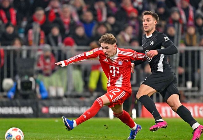 第30分鐘,拜仁再次取得進(jìn)球。奧利塞在右側(cè)起球傳中,迪亞斯后點(diǎn)頭球攻門,球進(jìn)了!9分鐘后,卡爾獲得絕佳單刀機(jī)會(huì),但是,他的射門踢得有點(diǎn)正。門將把球撲出。迪亞斯補(bǔ)射踢偏了。隨后,斯萬貝里犯規(guī),被出示黃牌。這也是上半場(chǎng)唯一的黃牌。半場(chǎng)結(jié)束,拜仁2-1領(lǐng)先沃爾夫斯堡。
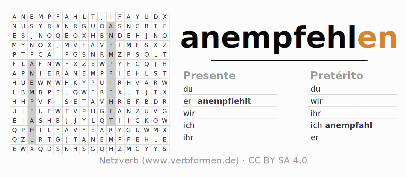 Guía: forma las construcciones correctas para el verbo anempfehlen y encuéntralas en el acertijo. O también encuentra la conjugación de anempfehlen en la sopa de letras y ordénala en la construcción verbal correcta. Las diéresis y el ß aparecen escritos como: ss (ß), oe (ö), ae (ä) y ue (ü).La solución se encuentra al final de la página.
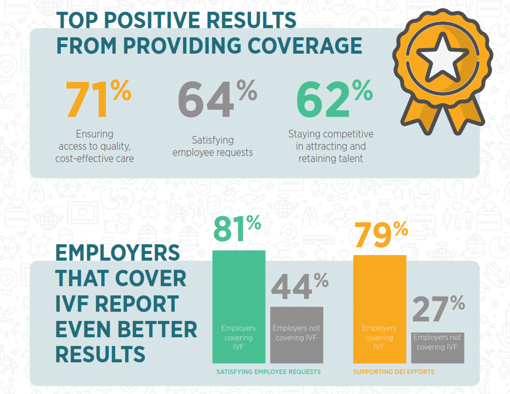 A 2017 survey conducted by FertilityIQ of patients who had undergone IVF found that employees who had their IVF covered reported being more likely to remain in their job for a longer period (62%), were more willing to overlook shortcomings of their employer (53%) and were more likely to work harder (22%).
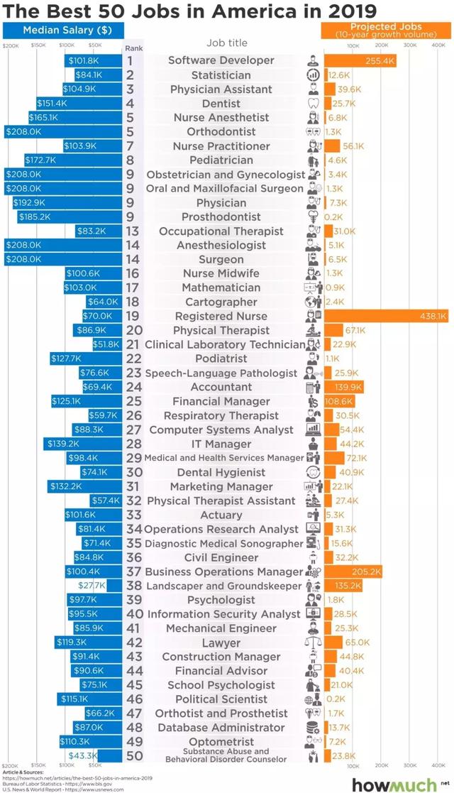 美国财务数据网站Howmuch.net根据《美国新闻与世界报道》的Best Jobs Ranking(最佳工作排名)对美国50个最好的工作进行了排名。
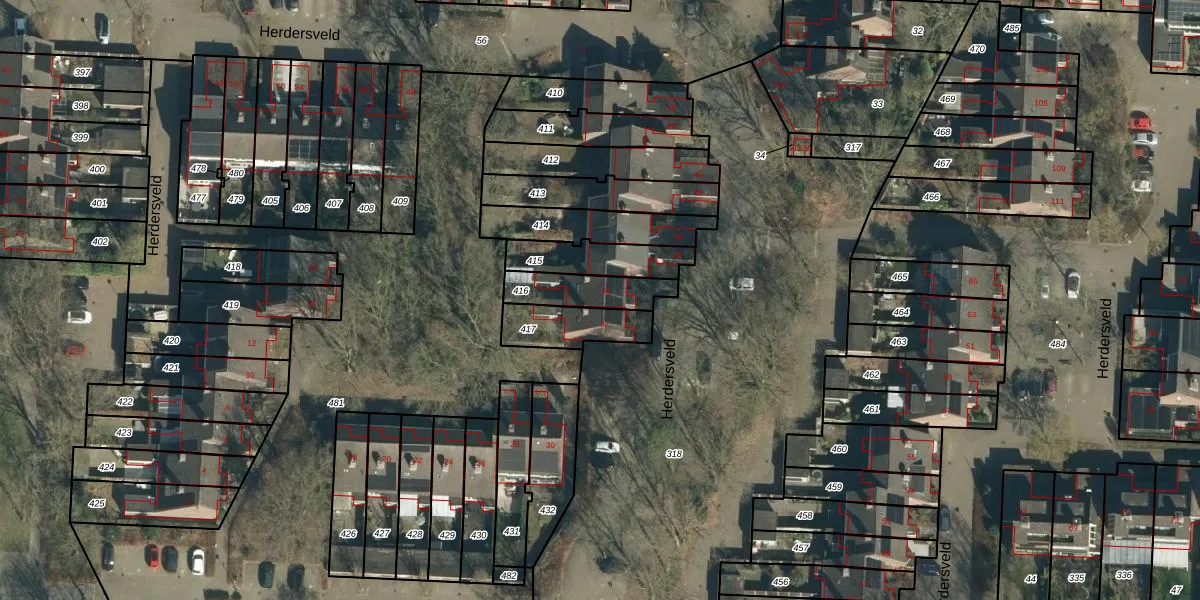 Herdersveld 34 is gelegen op kadastraal perceel GDP00G416. Deze kadastrale aanduiding is uniek en wordt gebruikt door het Kadaster om eigendomsrechten en andere zakelijke rechten vast te leggen. Het perceel maakt onderdeel uit van de kadastrale gemeente Geldrop.

* * *

Pictures do not belong in the copy. Output all of the records exactly.

# [Answer section]
 第30分鐘,拜仁再次取得進(jìn)球。奧利塞在右側(cè)起球傳中,迪亞斯后點(diǎn)頭球攻門,球進(jìn)了!9分鐘后,卡爾獲得絕佳單刀機(jī)會(huì),但是,他的射門踢得有點(diǎn)正。門將把球撲出。迪亞斯補(bǔ)射踢偏了。隨后,斯萬貝里犯規(guī),被出示黃牌。這也是上半場(chǎng)唯一的黃牌。半場(chǎng)結(jié)束,拜仁2-1領(lǐng)先沃爾夫斯堡。
 Guía: forma las construcciones correctas para el verbo anempfehlen y encuéntralas en el acertijo. O también encuentra la conjugación de anempfehlen en la sopa de letras y ordénala en la construcción verbal correcta. Las diéresis y el ß aparecen escritos como: ss (ß), oe (ö), ae (ä) y ue (ü).La solución se encuentra al final de la página.
 A 2017 survey conducted by FertilityIQ of patients who had undergone IVF found that employees who had their IVF covered reported being more likely to remain in their job for a longer period (62%), were more willing to overlook shortcomings of their employer (53%) and were more likely to work harder (22%).
 美国财务数据网站Howmuch.net根据《美国新闻与世界报道》的Best Jobs Ranking(最佳工作排名)对美国50个最好的工作进行了排名。
 Herdersveld 34 is gelegen op kadastraal perceel GDP00G416. Deze kadastrale aanduiding is uniek en wordt gebruikt door het Kadaster om eigendomsrechten en andere zakelijke rechten vast te leggen. Het perceel maakt onderdeel uit van de kadastrale gemeente Geldrop.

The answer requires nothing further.